For the moment, then, he was probably safe.
He pushed against the weight of snow that had caved on top of him, to come to his hands and knees. Then he began wriggling and crawling, pushing his way downhill through the drift.
Finally his head contacted harder stuff, and he butted through the icy crust and into the morning sunlight. As he looked around he felt his breathing mode change, his life-support having automatically sampled the air and found it suitable—with minor nasal warming—for human respiration. Now he could smell as well as see the snow and, not many yards away, the stunted trees and early growth of grass of this high and rugged valley. Off to his left somewhere he could hear the roar of water.
He pulled himself free of the snowdrift and ate two rations from his food pouch. It was an easy, well-prepared-for task of a few seconds to modify the appearance of his boots, weapons belt, and shorts to pass for an ordinary Primgran citizen. Then he turned his attention to the scars left by the zerburst lance.
Mentally he constructed an image of the area through which the lance of energy had passed, and ran a straight line from scar to scar. The line passed through the center of the inertial control complex of the life-support packet, but touched nothing else of importance.

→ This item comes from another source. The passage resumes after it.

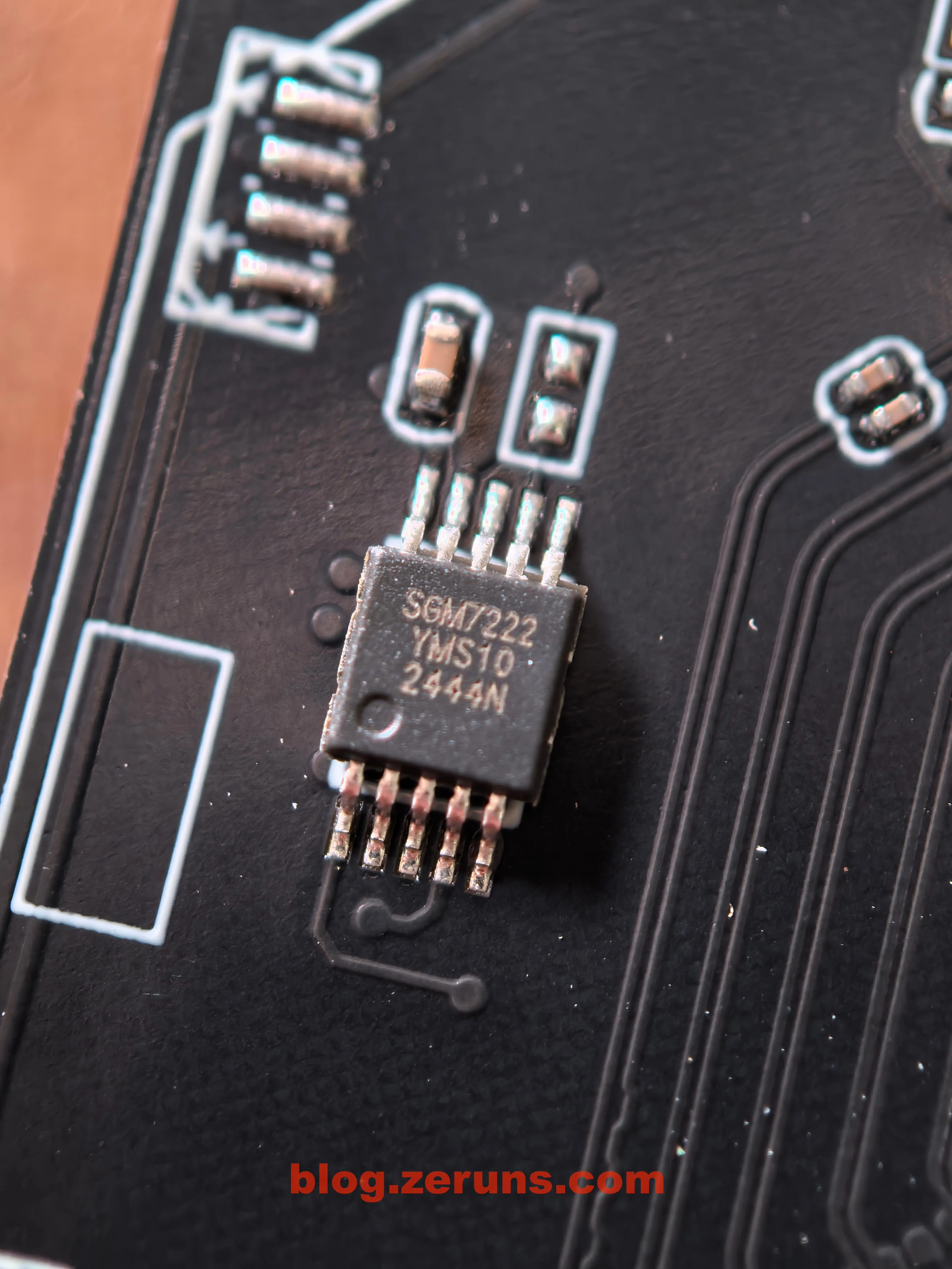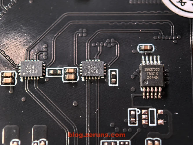 主控下面有两颗丝印为 A34 2438 的芯片,没查到资料。旁边还有一颗型号为 SGM7222 的芯片,这个芯片在电路板上有3颗,是圣邦微电子(SGMicro)推出的一款高速、低功耗双刀双掷(DPDT)模拟开关芯片,主要用于电子设备中的信号切换。

However, the damage done was important enough. Without inertial control, his entire transport system was of little practical use. His repulsors wouldn't raise him a millimeter off the ground against full inertia; nor, if he should manage somehow to get into space, could he go into warp.

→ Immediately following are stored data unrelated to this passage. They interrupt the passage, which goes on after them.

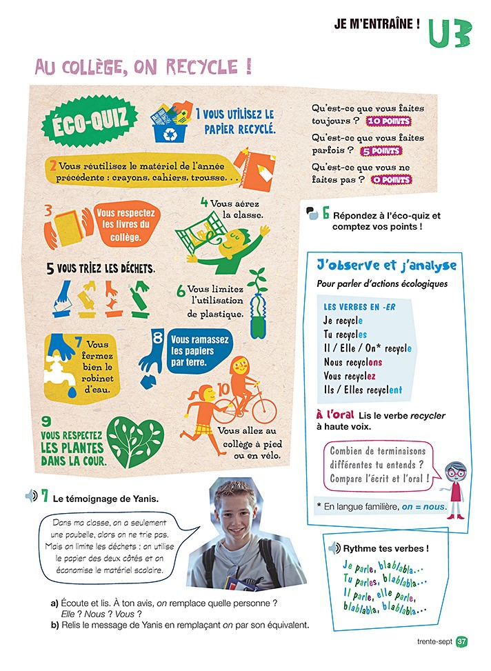 Au collège on récycle, page 37 livre élève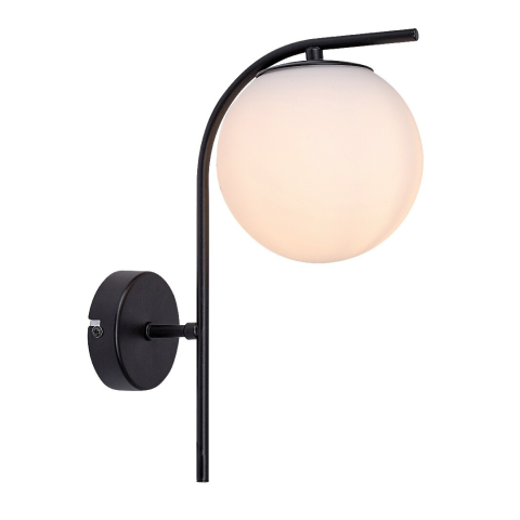A modern stílusú Ghita fali lámpa kreatív formatervezésével és fekete-fehér színkombinációjával számos modern nappali berendezésének hangulatos és bájos darabja lehet. A fémből készült, fekete színű modellt a gömb alakú, fehér üvegbúra teszi jellegzetessé..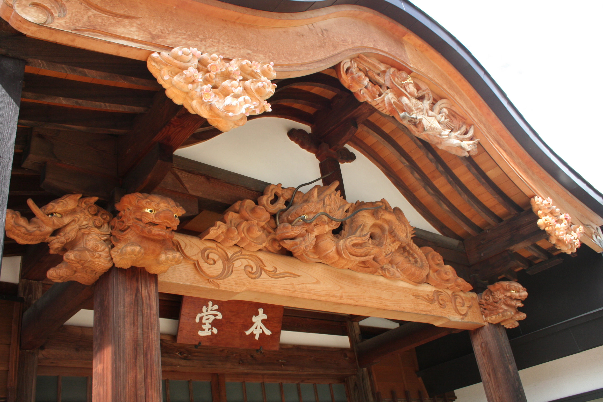 創立以来、何度か火災にあり詳細な寺史は不明だが、現存する仏像や書物から推測すると、天文24(1555)年の銘のある薬師如来の厨子が残されています。本尊は薬師如来坐像、正しくは薬師瑠璃光如来という高さ40cmほどの坐像。この他、宝物や石碑など文化財が多くあり、最近では、位牌堂、本堂、薬師堂玄関の桁に荘厳な彫刻の四季の絵柄が施され備えられました。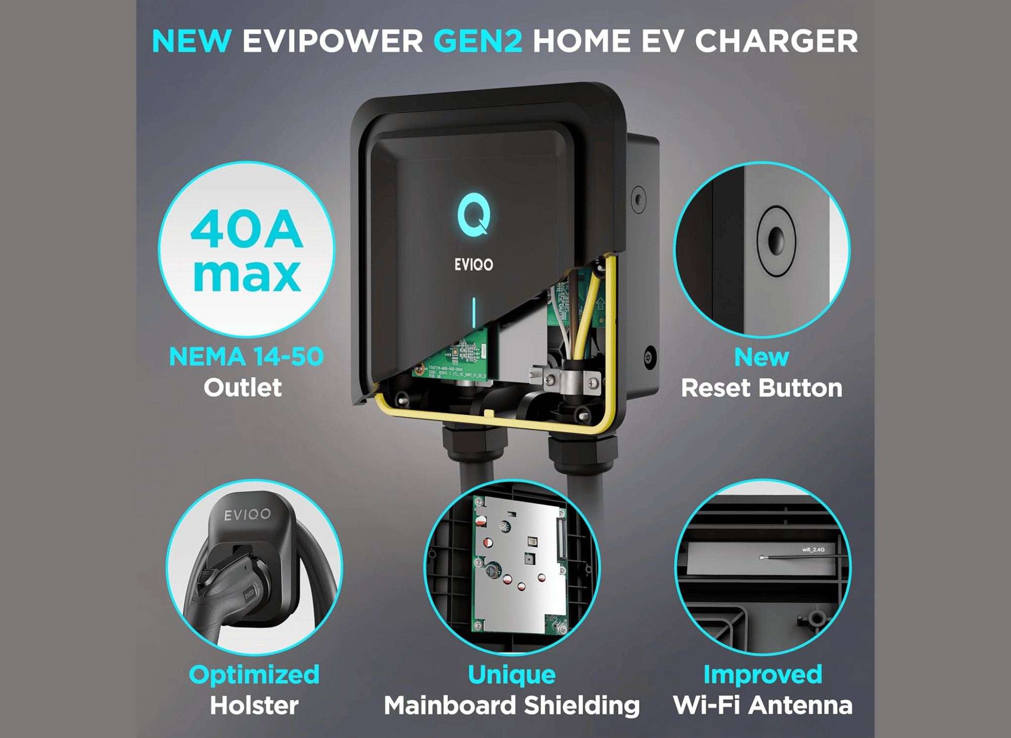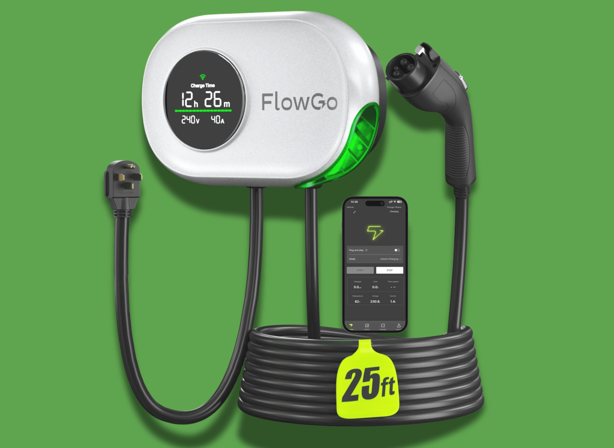 40 Amp - 9.6 kW 240V Wall Home EV Charger Level 2, NEMA 14-50 Plug, J1772 25' Cable - Enhanced Wi-Fi – UL, ETL Certified EVSE, Smart Electric Vehicle Charging Stations – GEN 2

If he hoped to get home, he would have to stun or kill a Primgranese, and take the inertial-control complex from the enemy's body.

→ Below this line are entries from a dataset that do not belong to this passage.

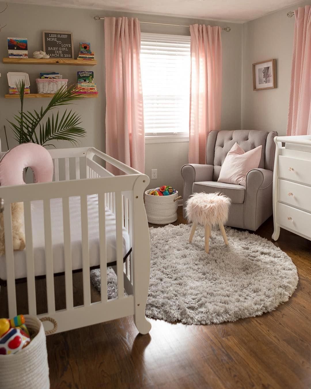 Мы можем себе представить, что вы сидите на стуле и читаете свой любимый роман, продолжая наблюдать за своим малышом, который спит в детской кроватке. Этот стиль комнаты ясно показывает, как сделать так, чтобы вы, как родители, и ваши девочки чувствовали себя более комфортно и расслабленно, проводя время в этой комнате.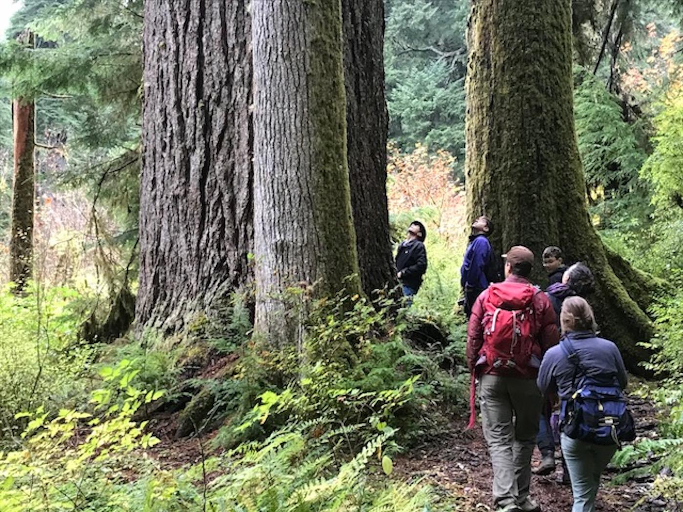 As we stood under the canopy of some of the tallest trees in Oregon, Debora Johnson pointed out the layers of the forest in the understory of salmonberry, Oregon grape, devil’s club, sword ferns and vine maple that play a vital role in a healthy forest ecosystem. Towering nearly 300 feet overhead, the canopy of massive Douglas Fir and Western Hemlock was astounding. With trees estimated to be about 500 years old, this stand of old growth forest was teeming with life, rich in biodiversity and stood in stark contrast with the moonscape eeriness of the clear-cut land we had walked earlier in the day.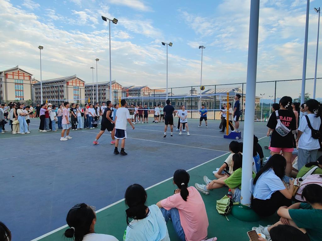 气排球场上充满紧张氛围,球员们展现出高超的技艺,他们扣球精彩,传球精准,掌声和呐喊声此起彼伏,引发观众的热烈欢呼;在篮球赛上,球员们奔跑如飞,争球激烈,展现出快速的过人技巧和高难度的扣篮动作,每个进球都引起观众的欢呼雀跃,现场气氛热烈而火爆,整个运动场充满了激情与活力。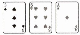 这3张扑克牌上的数算得24,列式为( )。(A代表1)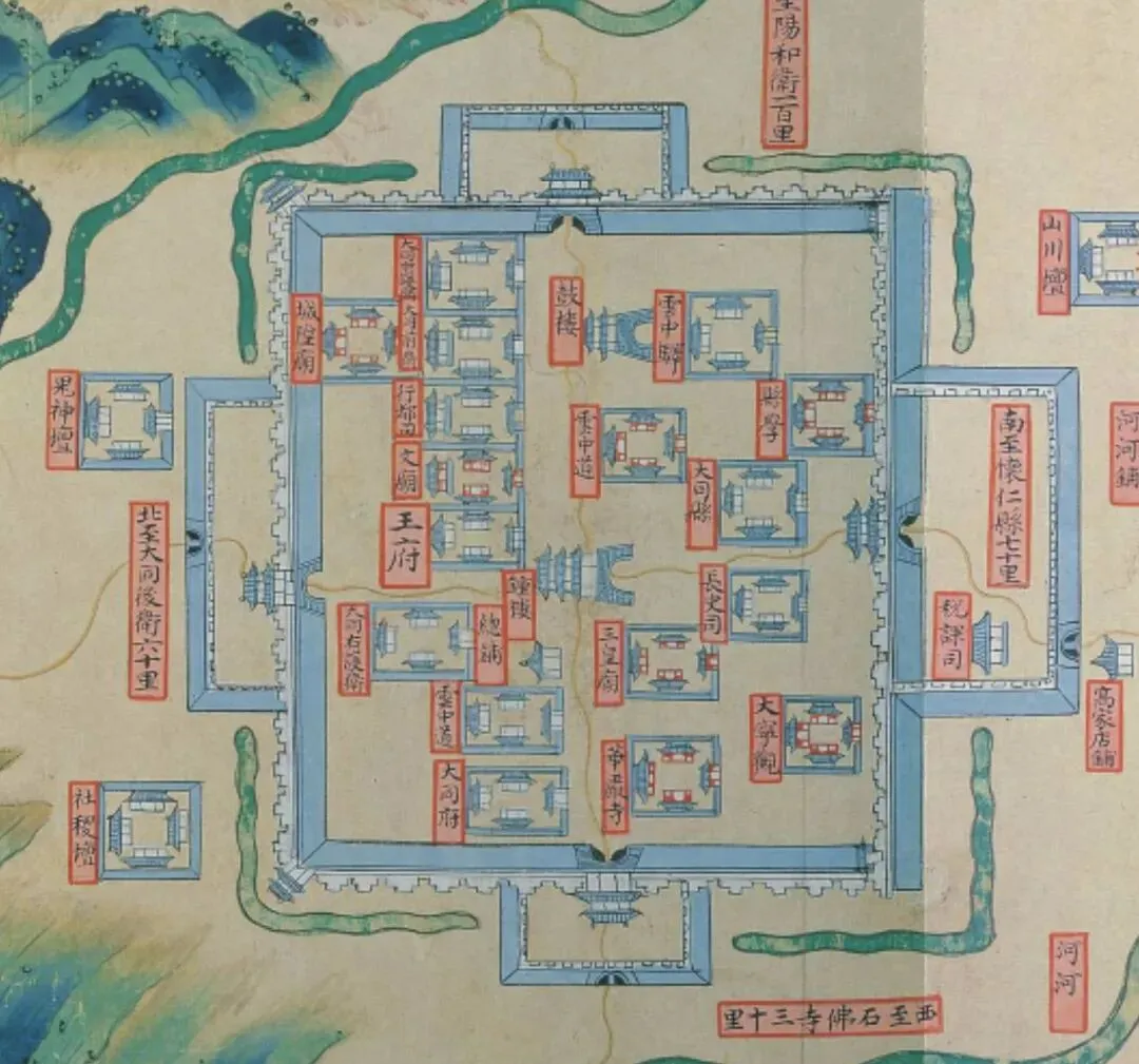 图中大同城城墙皆为蓝色,意为全部砖包,按明清地方志记载,大同城是徐达在旧土城上拓展而来,城基为石,墙包砖,高四丈二尺,周十三里,开四门,其外皆有瓮城。大同考古队曾发现大量洪武四年、五年大同城墙文字砖,与该图和地方志可对应。图中没有明清地方志中的总兵府、巡按府、都察院,因为此时大同总兵、大同巡抚等官职还没有设立。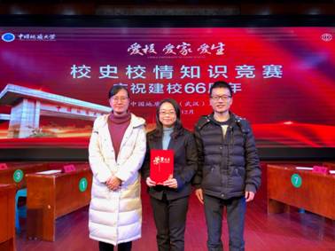 (通讯员周玲摄影王萍)2018年12月8日下午,我校校史校情知识竞赛决赛在校工会综合厅举行。我院由邵红梅、张京和刘保山三位青年教师组成的代表队于12月6日闯入此次决赛,并在比赛中为学院捧回三等奖荣誉。此次校史校情知识竞赛是校工会举办的“爱校爱家爱生”系列活动之庆祝建校66周年的重要活动之一,旨在以知识竞赛的形式促进广大教职工学习和了解我校历史沿革、校园文化、治学理念、发展现状和、发展愿景等。赛前,邵红梅、张京和刘保山三位青年教师以“知校爱校,争创佳绩”为口号,利用业余时间对相关知识点进行了认真充分的准备,在比赛中表现沉着自信,勇于挑战,为学院添光增彩!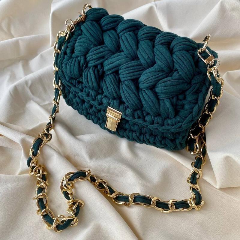 Сумочка ручной работы из трикотажной пряжи. Нереально красивого цвета. На прочном металлическом замочке. Размер сумки: высота 16, ширина 21, глубина 6. Дополнительные характеристики: Цвет : Зеленый Материал : Трикотажная пряжа

But that could be dealt with when the opportunity arose, or when it became necessary. What he had to do now was get out of this valley and start his quest.
He walked toward the sound of water and soon came to the rushing, swollen stream, with the intention of following its course down through the southwest end of the valley. The going was difficult, at times through a solid jumble of boulders, and after a mile Morgan found his route blocked completely. The valley narrowed to a steep-walled canyon. He could neither follow the stream nor climb the wall.
For a moment he eyed the water speculatively, but it was a rolling rapid, and even with the protection of his skin-field he could be battered into a lifeless pulp if he tried swimming down it.
It was annoying indeed to be impeded this way by such petty trivialities as a minor river and a rock wall! But without inertial-control, which would let him leap over such obstacles without a thought . . . well, he would have to find another w
ay out.
He turned back upstream, found a place where he could cross the water by leaping from boulder to boulder, and began exploring along the western slope of the valley, which was free of snow and appeared less steep than the eastern side. At several promising looking spots he tried to climb, but always he was stopped by a blank stretch of rock where he could find no further holds for hands or feet.
Finally he halted, sat down on a boulder, and tried to develop a solution to his problem. In the distant past, he knew, men had climbed mountains often—perhaps because they could not fly. Mountains far higher than the walls of this valley, and steeper too. But they had used equipment of some sort, judging by pictures he had seen: ropes, and spikes which could be driven into stone.